_ABOUT THIS TASK_.
Emit a verbatim copy of the lines below from the line with "GFB防爆系列協作機器人具有" through the line with "考杜拉弹道尼龙迷你手包男士零钱包硬币挂脖耳机包日系车钥匙卡包 黑色", excluding pictures and everything outside that range.

_EXTRACTED RECORDS_.
-- -- --
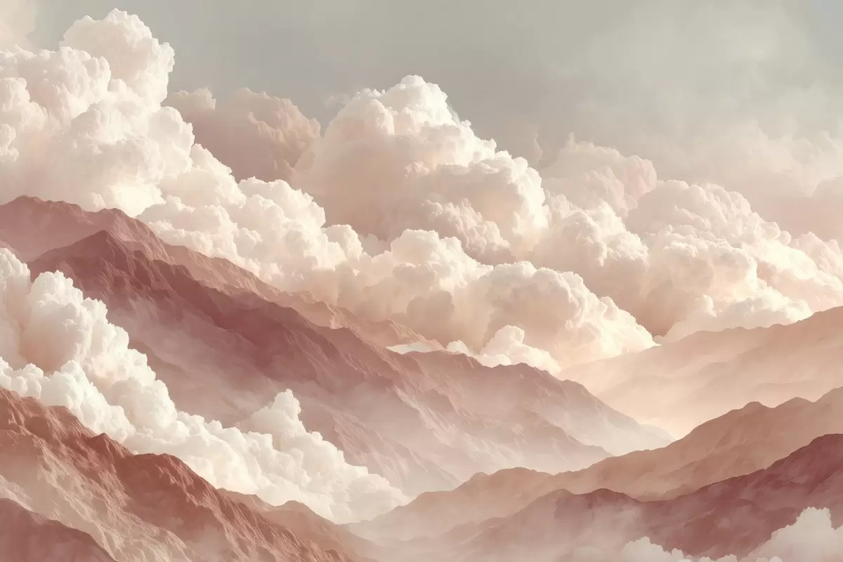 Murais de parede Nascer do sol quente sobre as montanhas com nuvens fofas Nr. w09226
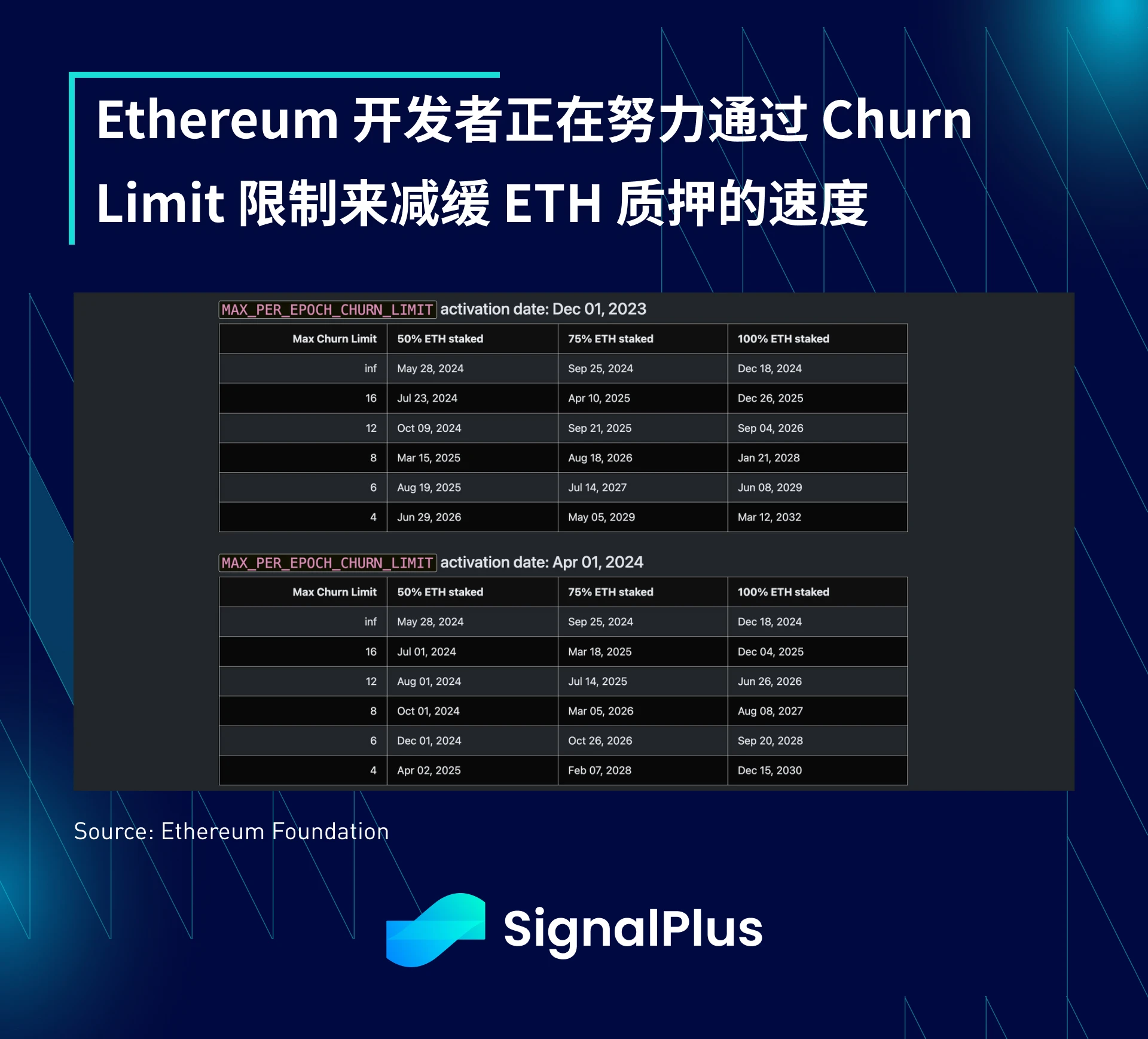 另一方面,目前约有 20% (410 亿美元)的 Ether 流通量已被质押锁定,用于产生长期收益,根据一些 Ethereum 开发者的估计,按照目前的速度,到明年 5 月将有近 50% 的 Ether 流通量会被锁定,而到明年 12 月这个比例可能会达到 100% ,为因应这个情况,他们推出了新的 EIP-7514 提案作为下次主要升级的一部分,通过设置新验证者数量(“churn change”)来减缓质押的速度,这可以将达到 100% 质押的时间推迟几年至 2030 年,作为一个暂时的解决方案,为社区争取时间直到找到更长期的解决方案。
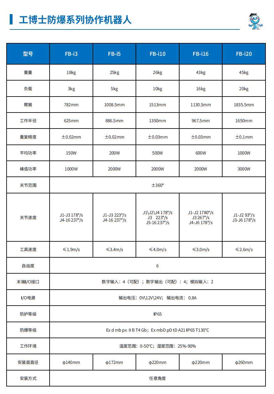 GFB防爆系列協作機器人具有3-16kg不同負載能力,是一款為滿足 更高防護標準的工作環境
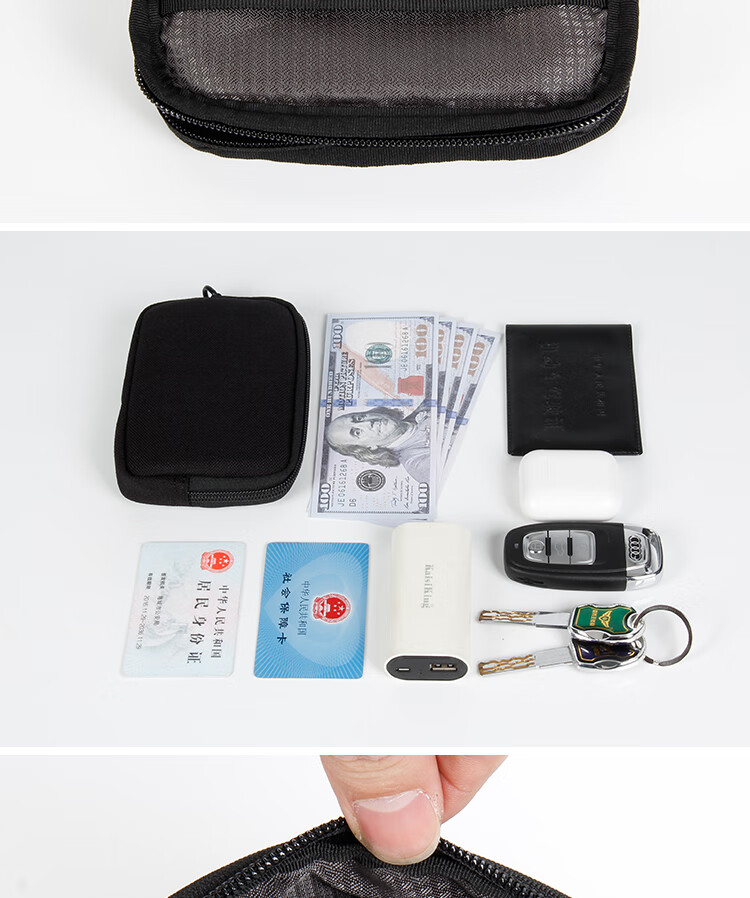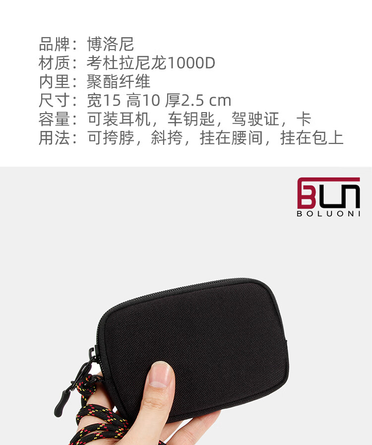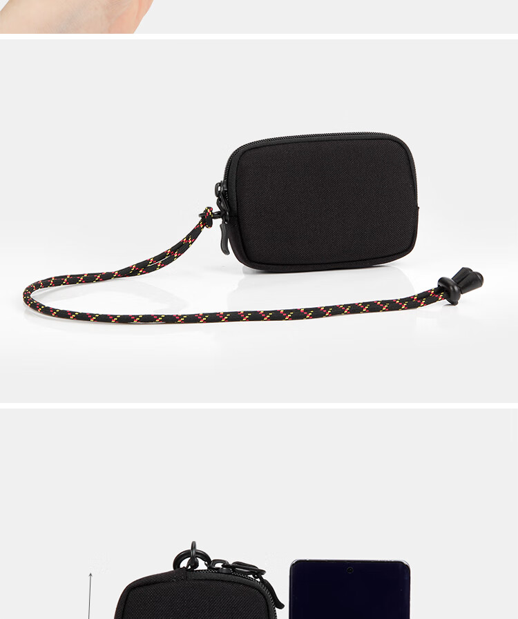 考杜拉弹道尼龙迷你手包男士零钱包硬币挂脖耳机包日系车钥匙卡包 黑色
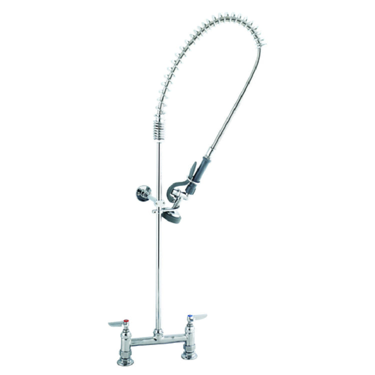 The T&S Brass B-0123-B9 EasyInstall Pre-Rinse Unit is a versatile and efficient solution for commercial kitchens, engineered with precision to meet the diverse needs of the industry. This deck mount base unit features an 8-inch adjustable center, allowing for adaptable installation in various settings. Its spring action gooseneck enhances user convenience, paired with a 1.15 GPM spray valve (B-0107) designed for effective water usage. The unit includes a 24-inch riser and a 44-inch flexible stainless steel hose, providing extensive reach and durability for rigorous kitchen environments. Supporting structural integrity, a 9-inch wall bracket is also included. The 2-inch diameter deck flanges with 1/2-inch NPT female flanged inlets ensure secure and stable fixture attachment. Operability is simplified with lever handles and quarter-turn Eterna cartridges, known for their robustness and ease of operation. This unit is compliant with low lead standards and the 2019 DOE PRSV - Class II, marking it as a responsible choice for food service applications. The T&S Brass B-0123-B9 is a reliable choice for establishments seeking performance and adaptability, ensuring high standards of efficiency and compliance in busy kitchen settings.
-- -- --
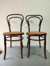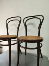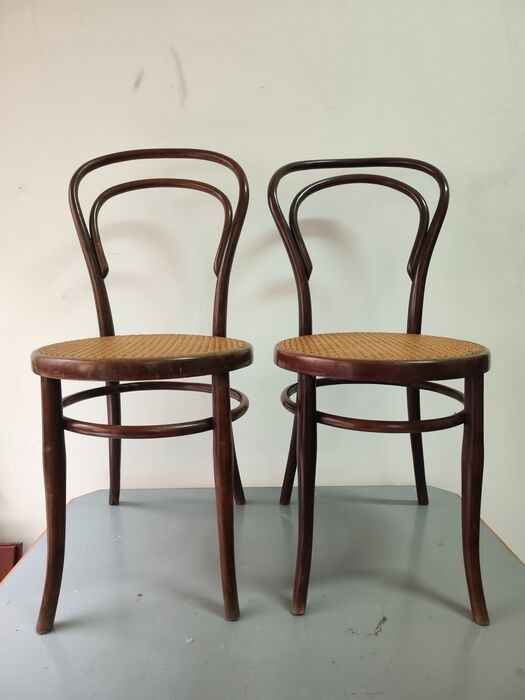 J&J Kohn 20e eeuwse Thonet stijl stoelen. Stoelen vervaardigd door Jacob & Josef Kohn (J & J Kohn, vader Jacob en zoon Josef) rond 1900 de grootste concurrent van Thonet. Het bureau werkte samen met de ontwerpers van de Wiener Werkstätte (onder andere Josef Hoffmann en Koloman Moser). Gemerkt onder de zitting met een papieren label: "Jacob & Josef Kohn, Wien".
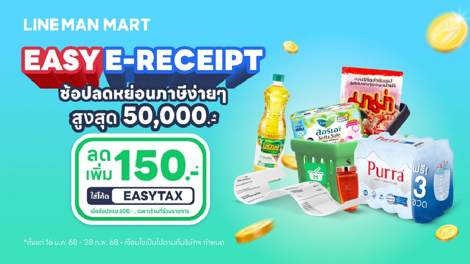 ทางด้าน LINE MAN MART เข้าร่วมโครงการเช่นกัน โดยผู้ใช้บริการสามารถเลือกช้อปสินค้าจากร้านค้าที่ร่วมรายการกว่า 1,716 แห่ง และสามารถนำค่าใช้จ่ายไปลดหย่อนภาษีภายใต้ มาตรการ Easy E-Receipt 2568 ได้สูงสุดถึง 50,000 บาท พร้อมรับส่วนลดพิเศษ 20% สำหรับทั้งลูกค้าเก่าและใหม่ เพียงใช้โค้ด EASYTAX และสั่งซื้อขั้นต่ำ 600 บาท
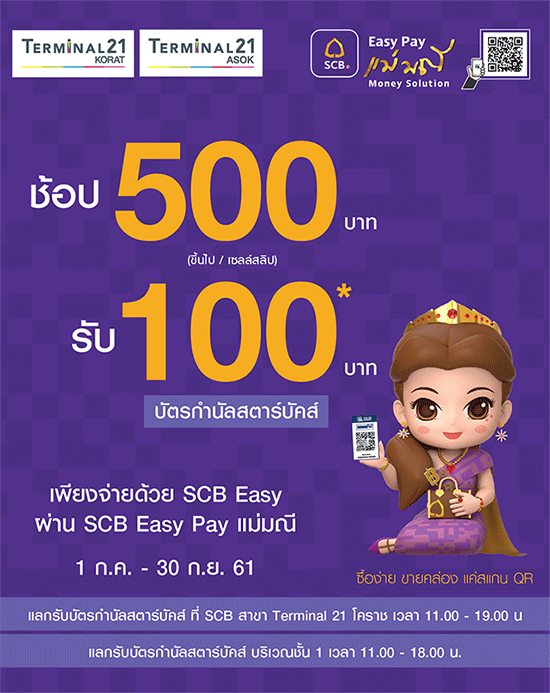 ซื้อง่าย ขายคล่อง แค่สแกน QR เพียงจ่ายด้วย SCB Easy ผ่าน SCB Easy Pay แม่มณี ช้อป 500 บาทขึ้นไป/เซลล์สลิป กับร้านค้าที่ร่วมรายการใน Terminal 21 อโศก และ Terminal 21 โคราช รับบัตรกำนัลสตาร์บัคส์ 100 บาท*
-- -- --
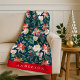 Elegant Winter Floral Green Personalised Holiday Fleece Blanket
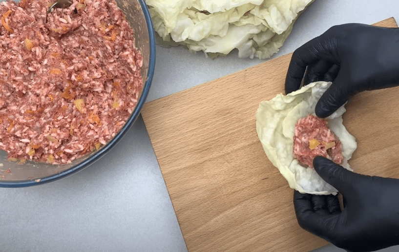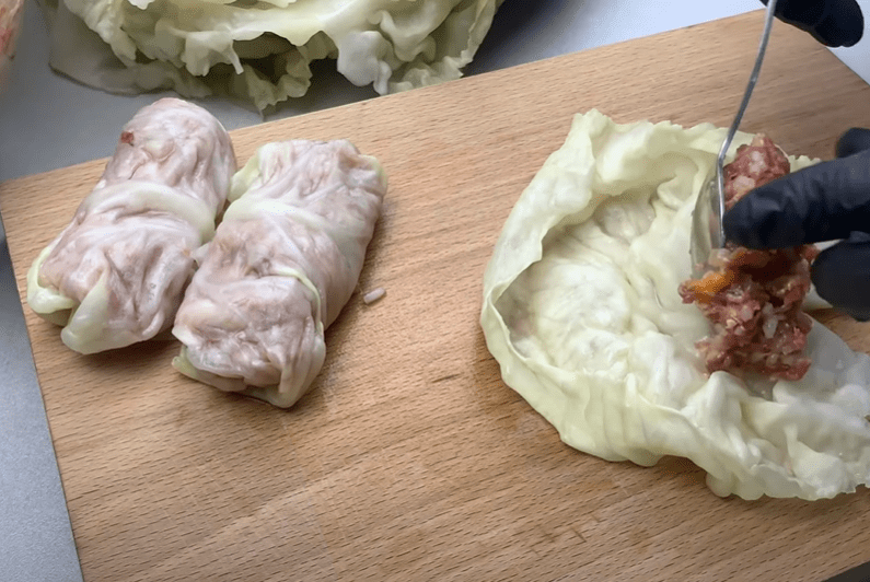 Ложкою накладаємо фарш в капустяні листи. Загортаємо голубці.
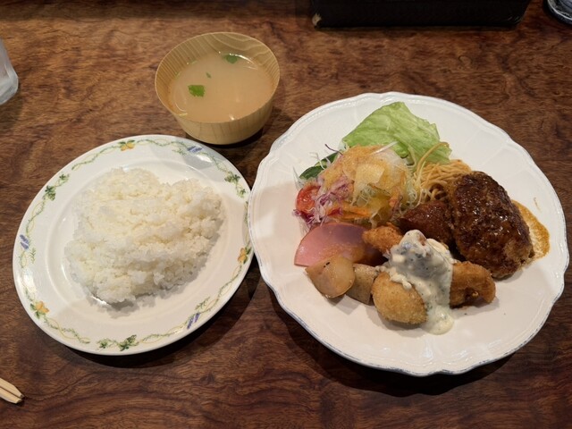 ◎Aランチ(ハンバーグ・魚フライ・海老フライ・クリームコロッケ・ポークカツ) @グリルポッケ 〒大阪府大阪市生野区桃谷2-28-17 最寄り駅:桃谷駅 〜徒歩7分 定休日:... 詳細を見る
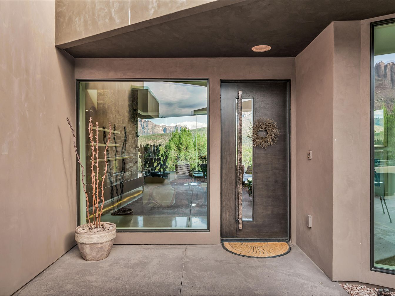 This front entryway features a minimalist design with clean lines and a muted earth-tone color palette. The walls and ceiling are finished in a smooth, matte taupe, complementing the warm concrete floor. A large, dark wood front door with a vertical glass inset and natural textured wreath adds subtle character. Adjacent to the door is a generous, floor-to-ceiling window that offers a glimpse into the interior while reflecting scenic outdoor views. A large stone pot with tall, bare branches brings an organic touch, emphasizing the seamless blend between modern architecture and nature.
-- -- --
_SOLUTION FOR THIS EXERCISE_.
 GFB防爆系列協作機器人具有3-16kg不同負載能力,是一款為滿足 更高防護標準的工作環境
 考杜拉弹道尼龙迷你手包男士零钱包硬币挂脖耳机包日系车钥匙卡包 黑色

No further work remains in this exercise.